▶ What you will do: Omit the images and output every line of the data below exactly.

▶ Available data:
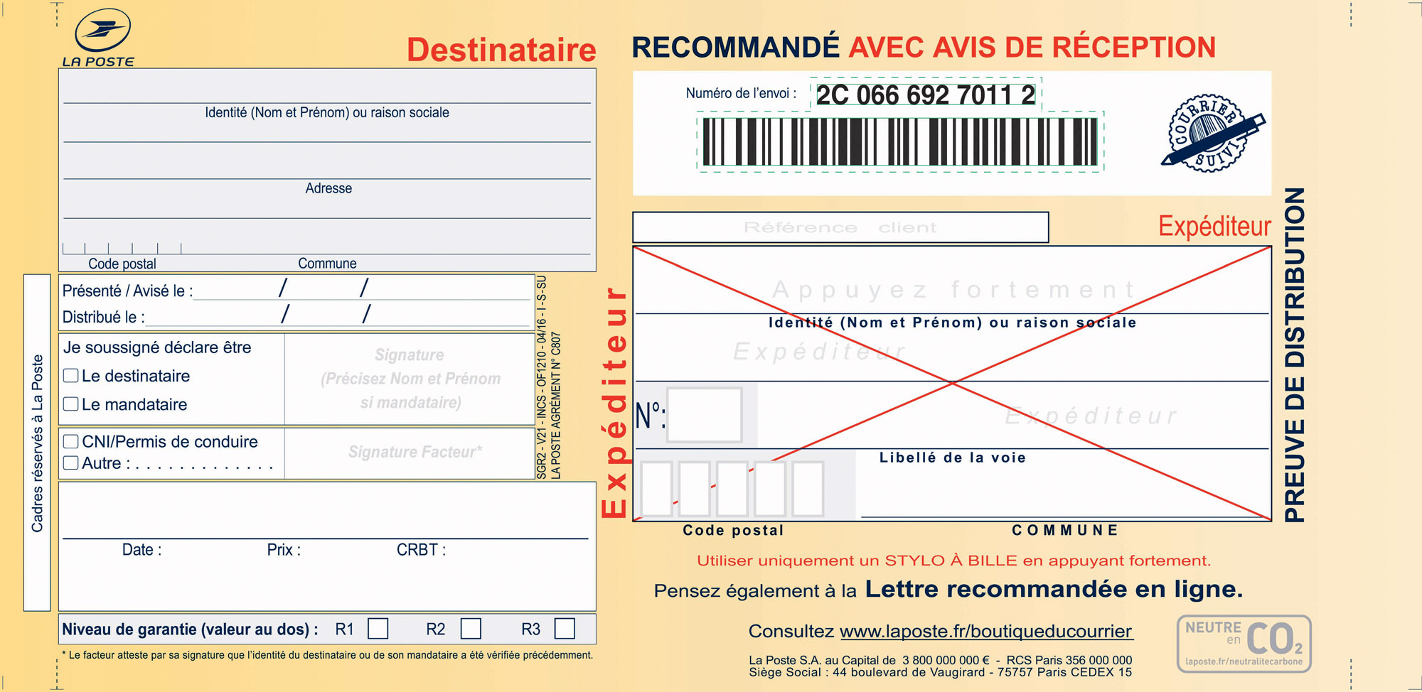 A déposer au Guichet PRO de votre bureau de Poste.
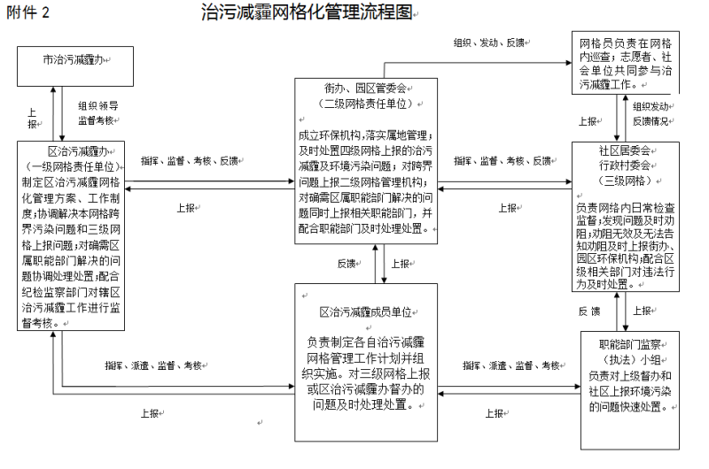 (二)明确责任,层级管理。建立三级网格化层级管理机制,落实网格化区域划分,明确责任分工,细化管理标准,逐级对治污减霾工作进行检查执法、督促和指导,协调解决存在问题。
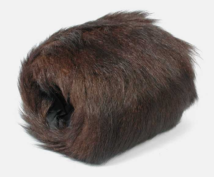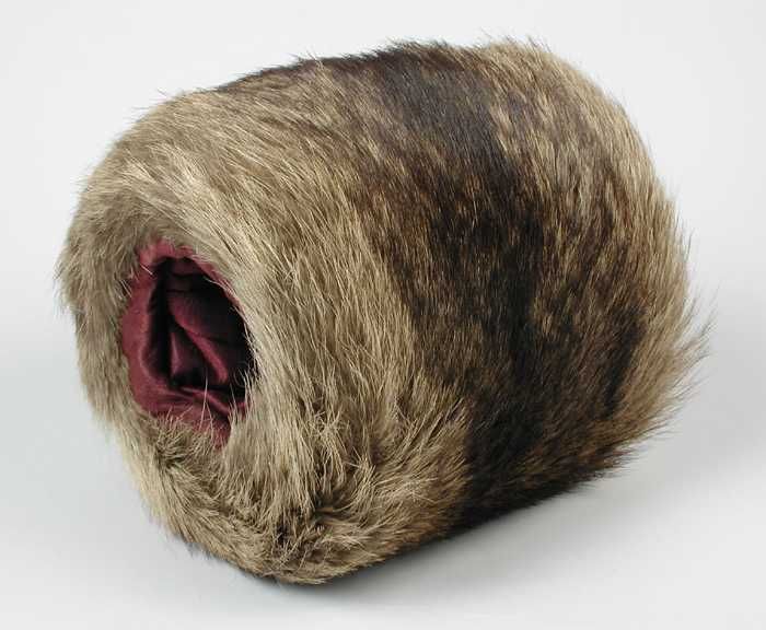 Kleine mof van ruwharig licht- en donkerbruin bont, ...
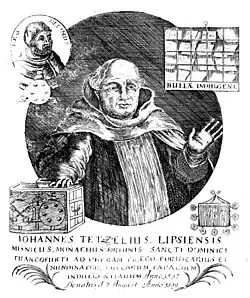 Tetzel was born in Pirna, Saxony, and studied theology and philosophy at Leipzig University. He entered the Dominican order[3] in 1489, became a famous preacher, and was in 1502 commissioned by Cardinal Giovanni de' Medici, later Pope Leo X, to preach the Jubilee indulgence, which he did throughout his life. In 1509 he was made an inquisitor of Poland and in January 1517 was made commissioner of indulgences for Archbishop Albrecht von Brandenburg in the dioceses of Magdeburg and Halberstadt.

▶ Answer area:
 A déposer au Guichet PRO de votre bureau de Poste.
 (二)明确责任,层级管理。建立三级网格化层级管理机制,落实网格化区域划分,明确责任分工,细化管理标准,逐级对治污减霾工作进行检查执法、督促和指导,协调解决存在问题。
 Kleine mof van ruwharig licht- en donkerbruin bont, ...
 Tetzel was born in Pirna, Saxony, and studied theology and philosophy at Leipzig University. He entered the Dominican order[3] in 1489, became a famous preacher, and was in 1502 commissioned by Cardinal Giovanni de' Medici, later Pope Leo X, to preach the Jubilee indulgence, which he did throughout his life. In 1509 he was made an inquisitor of Poland and in January 1517 was made commissioner of indulgences for Archbishop Albrecht von Brandenburg in the dioceses of Magdeburg and Halberstadt.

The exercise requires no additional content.